I wake a time or two every night, and the first time, I thought, that's a good dream, I'll surely remember that one. Then I was asleep again. And when I awoke, all I remember of the dream is...
The kittens over the minefield. The enemy had cast them out there to clear the mines. I was panicked. The enemy are scum.
But I managed to call them all back to me without tragedy.
In the next sleep segment, I am visiting someone and am reminded, you forgot to do the film. Oh, boy, I sure did. I was supposed to help with the film last visit.
This is a multiple-adult house. I go to the machine. It has a keyboard and a long window viewport into a box about three feet by six, and inside you can see several small wax figures. You prepared them for the scene by the keyboard. For one shot, they are held horoizontal and glue is applied. This is so a material will stick to them.
Then they will be programmed to act the scene, with the special effects, and it will look on your screen exactly like any other movie, yet these actors are all about six inches tall. It's a remarkable studio to have in one room of a private home. A spectacular explosion and auto crash scene costs five dollars, and looks like anything you'd see at the mall.

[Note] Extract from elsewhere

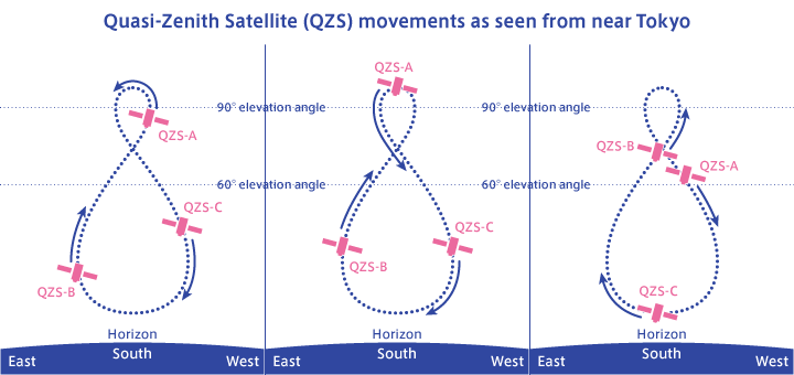 此圖表展示了日本準天頂衛星系統(Quasi-Zenith Satellite, QZS)中,多顆衛星(如QZS-A, QZS-B, QZS-C)在天空中的視運動軌跡。(圖片來源:QZSS)

But it's the end of the shooting day, and I go to tell Mischa, the producer, there'll be no real footage today. I see someone I know, have known before, and she is cold and ignores me. That's best sometimes.
This is Gone In Sixty Seconds III, and it's becoming very expensive. I think I'm responsible for some of that, because of my tardiness on the set. The price is ballooning up above sixty dollars American. But, with European distribution, we expect to gross around two hundred million, so everybody will be friends again when the receipts start rolling in.